Just over a month after going public, Uber Health's head executive discusses how the ridesharing company plans to differentiate its offerings from the competition.
Dan Trigub says he has worked at the "intersection of ridesharing and healthcare" for the past three years.
Trigub, the former regional vice president of healthcare for Lyft, has served as the head of Uber Health since December 2018.
He says that in conversations with payers and providers about incorporating ridesharing into healthcare, executives have gone from skeptics to believers because of the credibility Uber and other ridesharing companies have accrued in recent years. In 2017, ridesharing became legal across the country, and both Uber and Lyft debuted on Wall Street this spring with multi-billion dollar initial public offerings.

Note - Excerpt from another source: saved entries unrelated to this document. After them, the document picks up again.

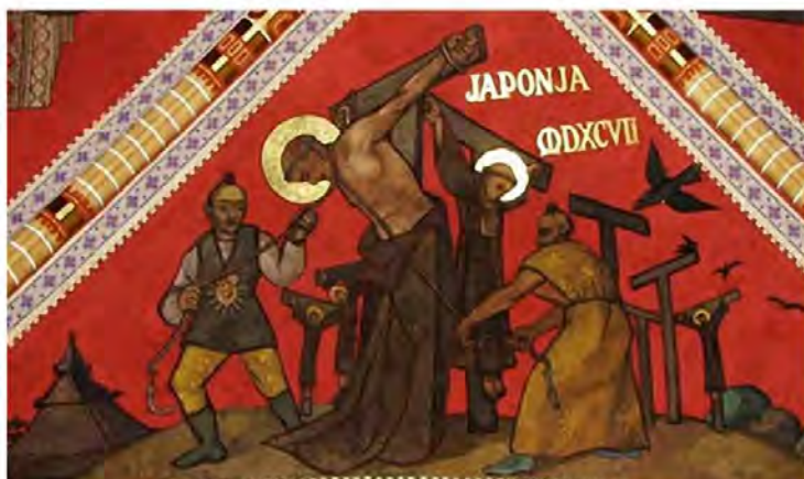
From Japan's history of religious persecution. Here, scene from a painting depicting the 26 martyrs of Japan, a group of Catholics martyred by crucifixion in Nagasaki 5 th February 1597. Photo: Abraham / Wikimedia Commons. License: CC Attr 3.0 Unp. Cropped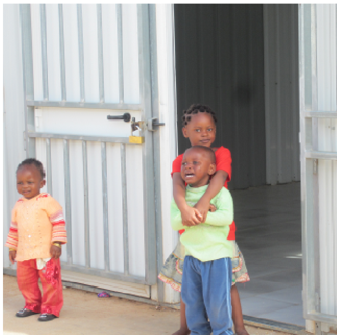
Children at Bou Rashada detention centre for migrants. More than 1,000 men, women and children are detained at Bou Rashada by an armed militia for being “undocumented migrants”. May 2012.

During Colonel al-Gaddafi’s rule, foreign nationals – particularly those from Sub-Saharan Africa – lived with uncertainty and fear of changing policies, arbitrary arrest, indefinite detention, torture and other abuses. After the “17 February Revolution”, their situation was made more difficult by the general climate of lawlessness, the proliferation of arms among the population, and the failure of the authorities to tackle racism and xenophobia, fuelled by the widespread belief of the involvement of “African mercenaries” in the armed forces of the toppled government.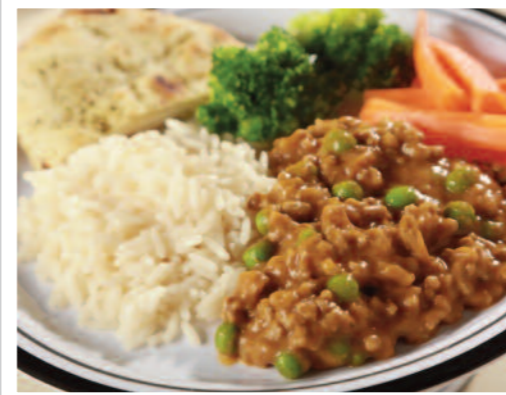
Beef Keema served with Rice, Naan Bread & Seasonal Vegetables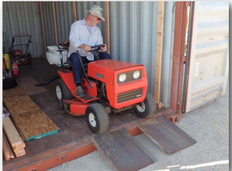
Short ramps make ingress and egress easy.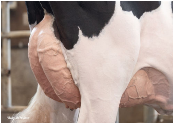
PROGENESIS MAGNIFIQUE PROUD DAM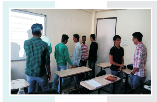
Finally students after learning the essence of Listening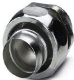
Cable gland made from brass with metric thread, IP40 protection

Please be informed that the data shown in this PDF Document is generated from our Online Catalog. Please find the complete data in the user's documentation. Our General Terms of Use for Downloads are valid ( http://phoenixcontact.com/download )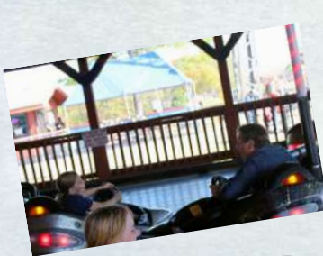
Fun at the Fair in Branson, MO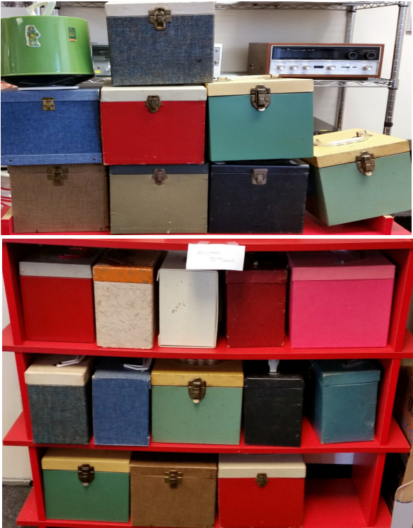
Call for availability and pricing (804) 261-1511 or email sales1@recordsmith.com RETRO STORAGE/CARRYING CASES FOR 45'S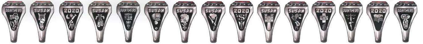
Agriculture PV02 The Arts PV03 Astronomy PV04 Ballet PV55 Business PV09 Computers PV12 Cosmetology PV13 Culinary Arts PV14 Dollar Sign PV56 Engineering PV18 Guitar PV23 Health PV24 Law PV28 Livestock PV30 Mechanical Eng. PV53

Select-a-Side Options (for the "Petite" style only #OP14)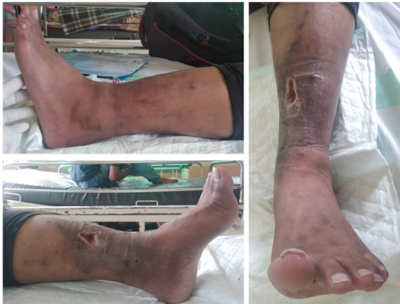
Fig. 1. The infected wound at the medial distal third of the left crus with active pus production.

Chronic osteomyelitis is sometimes challenging to manage. Historically, it is often associated with high rates of recurrence and secondary amputation. Treatment for chronic osteomyelitis is complex, multifaceted, and usually requires multidisciplinary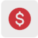
CashNet ePayment Center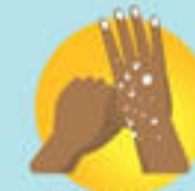
CLEAN THUMBS WASH FINGERNAILS AND FINGERTIPS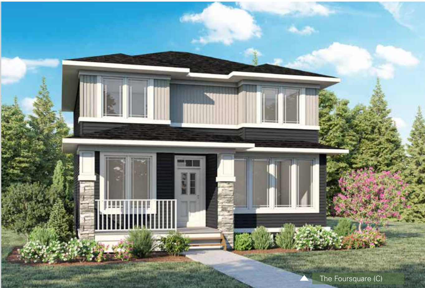
▲ The Foursquare (C)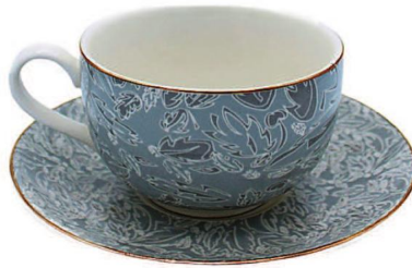
Nothing says farmhouse chic like a pretty teacup milysands.co.uk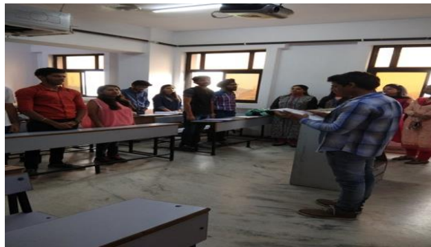
Students of Tecnia Institute of Advanced Studies, New Delhi giving tribute to Nation Father on his Martyrdom Day 29th January, 2022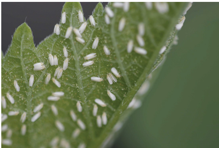
Figure 1. Whitefly, Bemisia tabaci Gennadius, eggs and adults.

This publication is intended to provide a management program for nursery and ornamental plant growers to aid in their efforts to minimize selection for insecticide resistance irrespective of whitefly biotype while helping to achieve top-quality plant materials.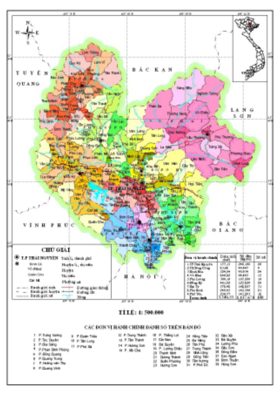
Figure 1: Administration E.Atlas of Thai Nguyen Povince

Atlas includes official map pages and is arranged as follows: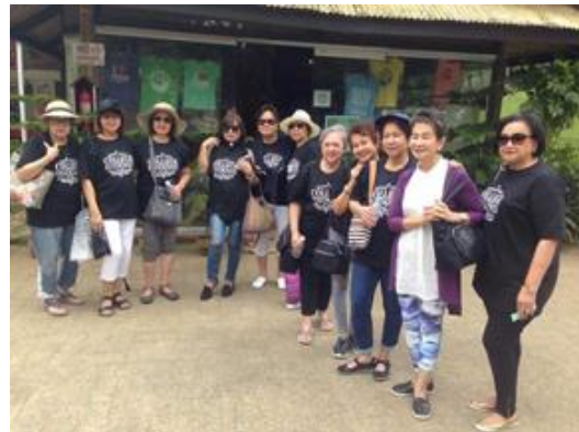
BSN 1968 Golden Jubilarians Dinner Dance Manila Hotel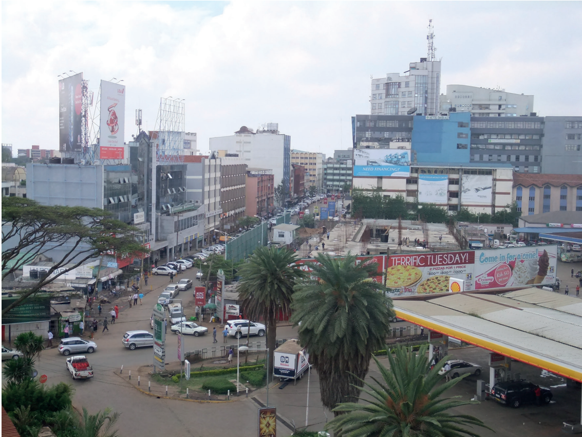
Fig. 3.1 for Question 3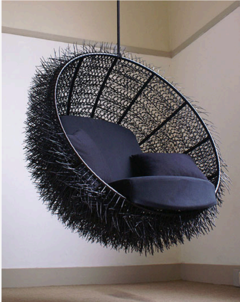
TEXTURE - rachel van outvorst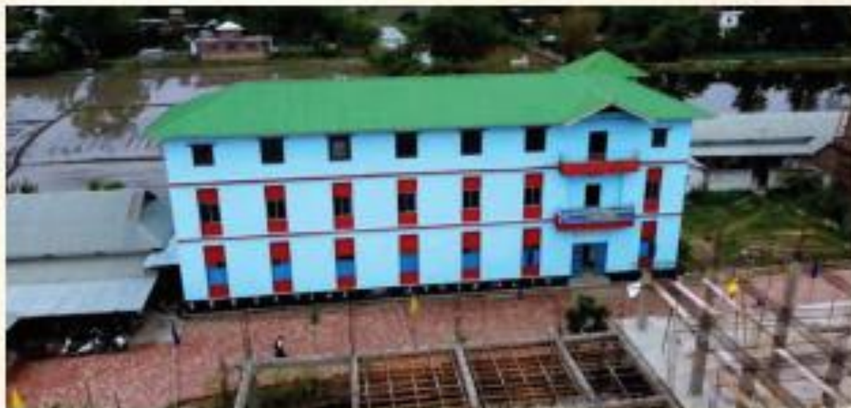
viii. Fitness Centre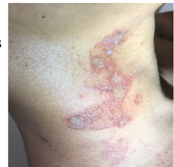
Girl with impetigo on neck

The San Jose Centro school had an outbreak of impetigo. One of the teachers brought a 7-year-old girl to the clinic with impetigo on her nose and upper lip. Listening to her lungs revealed that she had harsh breath sounds in her left lower lobe which was concerning for pneumonia! She also had a fever. We prescribed antibiotics and had her follow up with us in a few days with good improvement. Several other children came to clinic with impetigo on several sites. Shown below are impetigo lesions on one student's neck.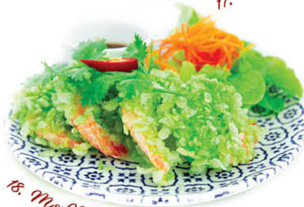
18. Mor Ra Kot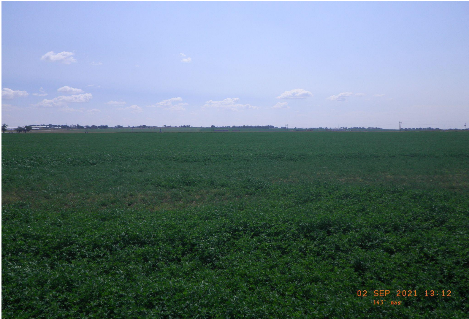
Photo 3. Ground photo taken from north of the well pad looking south down the access road.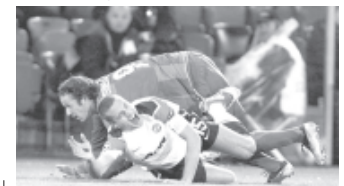
Manchester United skipper Nemanja Vidic injured himself against Basel

year-old has already had one spell on the sidelines this season, having spent two months out with a calf problem he suffered against West Brom on the opening day of the Barclays Premier League season.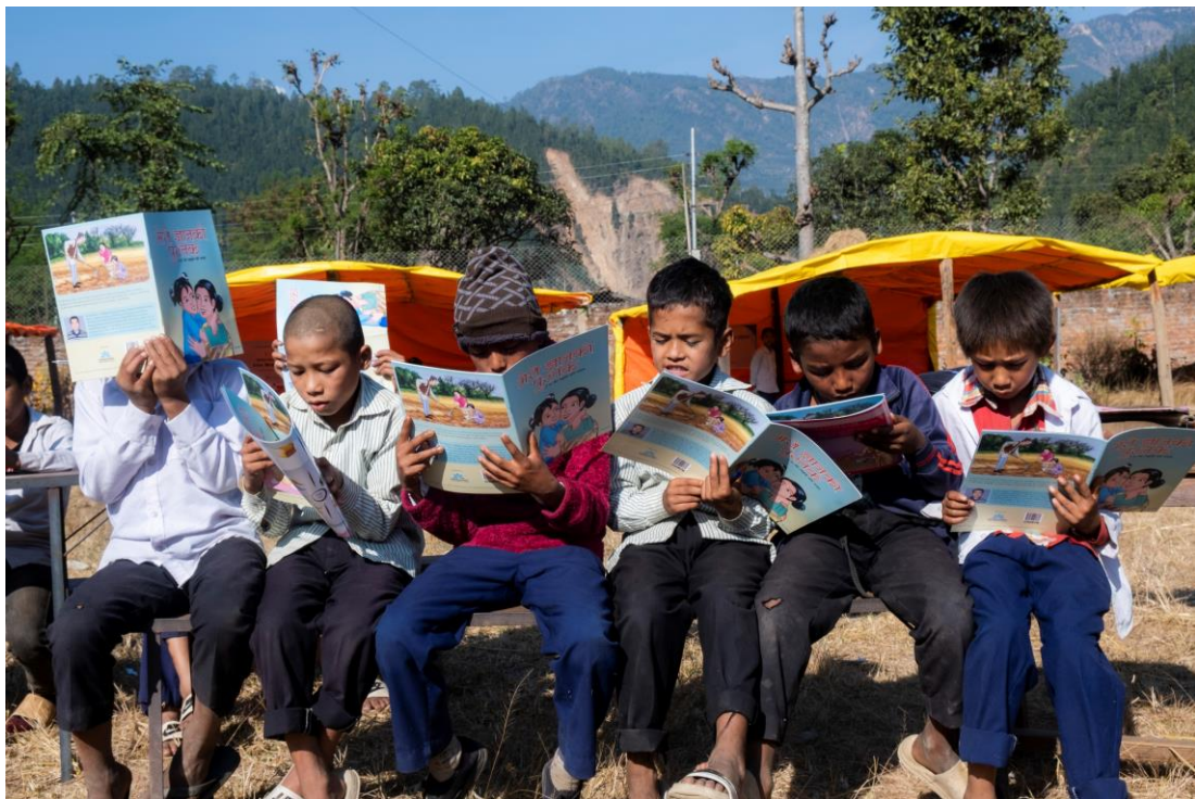
Our 'Magic Read' programme reaches far and wide

Now, just over a month after Uber went public with a goal of continuing to expand its operations, Trigub spoke with HealthLeaders about how the San Francisco–based ridesharing company can compete in the non-emergency medical transportation (NEMT) space and the potential to branch into other adjacent areas of medical transport.
This transcript has been lightly edited for brevity and clarity.
HealthLeaders: How will Uber differentiate its product in the competitive medical transport space?
Trigub: For us at Uber, this falls directly in line with our mission and vision to serve all populations globally. Uber is available in more than 600 cities across 64 countries on six continents. We have more than 900,000 drivers just here in the U.S.
Healthcare is not just a U.S. problem, it's a global [issue] that we can have an impact on.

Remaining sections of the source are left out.